She hesitated, the shadowed look in her eyes reminding him of their argument. “I’m fine,” she said, a little too brightly. She tipped her head. “But Soren might need some help.”

Perry saw him and laughed. Soren had gutted his bag, emptying all its contents. Supplies spilled everywhere around him, and he was looking through a pair of binoculars, searching the distance.

“Perry, due east,” Brooke called from behind them.

He searched the low hills there. A Hover like the one that had taken Talon skimmed over the plateau.

Soren shot to his feet in excitement. “That’s a Dragonwing. Fastest Hover in existence.”

“It’s circling,” Brooke said. “It’s following a specific route around the Komodo.”

“A patrol,” Perry agreed.

They kept up their surveillance into the afternoon as massive thunderheads moved in, clotting the sky. The patrol followed the same route every two hours. Armed with that information, they returned to the Belswan and gathered in the cargo hold to discuss their options.
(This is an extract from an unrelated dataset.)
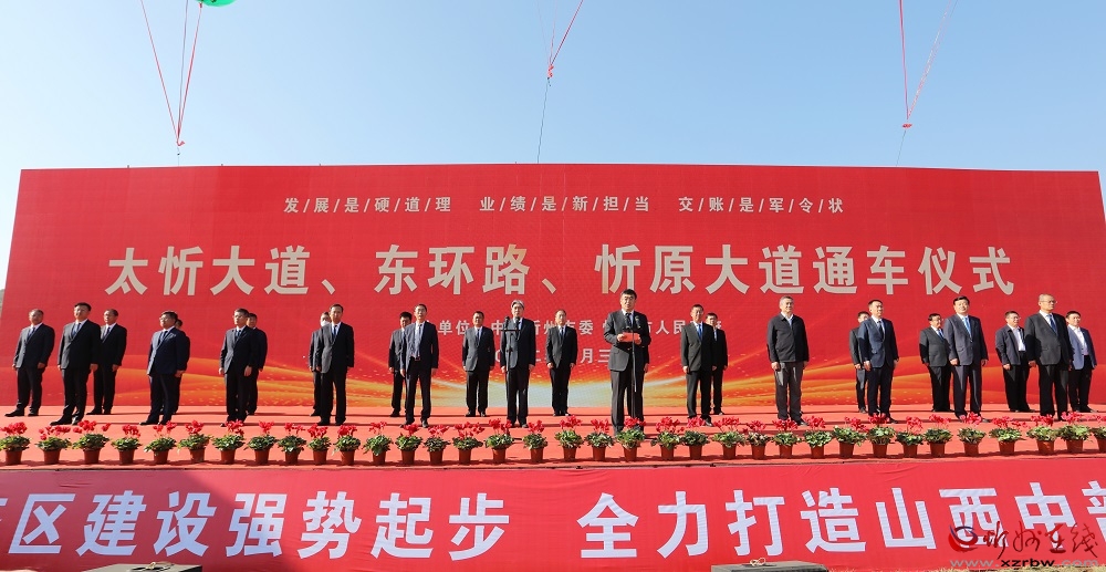 9月30日,我市舉行太忻大道、東環(huán)路、忻原大道通車儀式,市委書記朱曉東出席儀式并宣布太忻大道、東環(huán)路、忻原大道通車。市委副書記、市長李建國主持儀式。市委副書記、政法委書記郭奔勝,市人大常委會主任王珍,市政協(xié)主席范建民,山西建投集團公司副董事長、總經(jīng)理徐忠和,市領(lǐng)導劉卓良、趙新年、張文偉、溫建軍、張敏、張宇光、史紅波、賈玲香、崔崢嶺、李碩、王建峰、張文斌,市政府秘書長張艮生,中鐵十七局集團公司和中建三局集團公司相關(guān)負責人出席。副市長耿鵬鵬介紹項目建設情況。

“We can’t outrun a Dragonwing,” Soren said. He rapped his knuckles twice on the metal floor of the Belswan. “Not with this slug.”

At the center of their circle was a light stick from the Belswan’s supplies. Perry turned the dial down to limit its brightness. In less than five minutes, the glaring light had given him a headache.

“A Dragonwing is built to do two things,” Soren continued. “One, catch anything it wants, and two, destroy it. If they’re running patrols, then they’re ready for us. At the very least it means they haven’t forgotten we’re out here. There’s no way we can get close without drawing them into a fight. If that happens, we’re done for. We’d be annihilated. Wouldn’t we, Jup?”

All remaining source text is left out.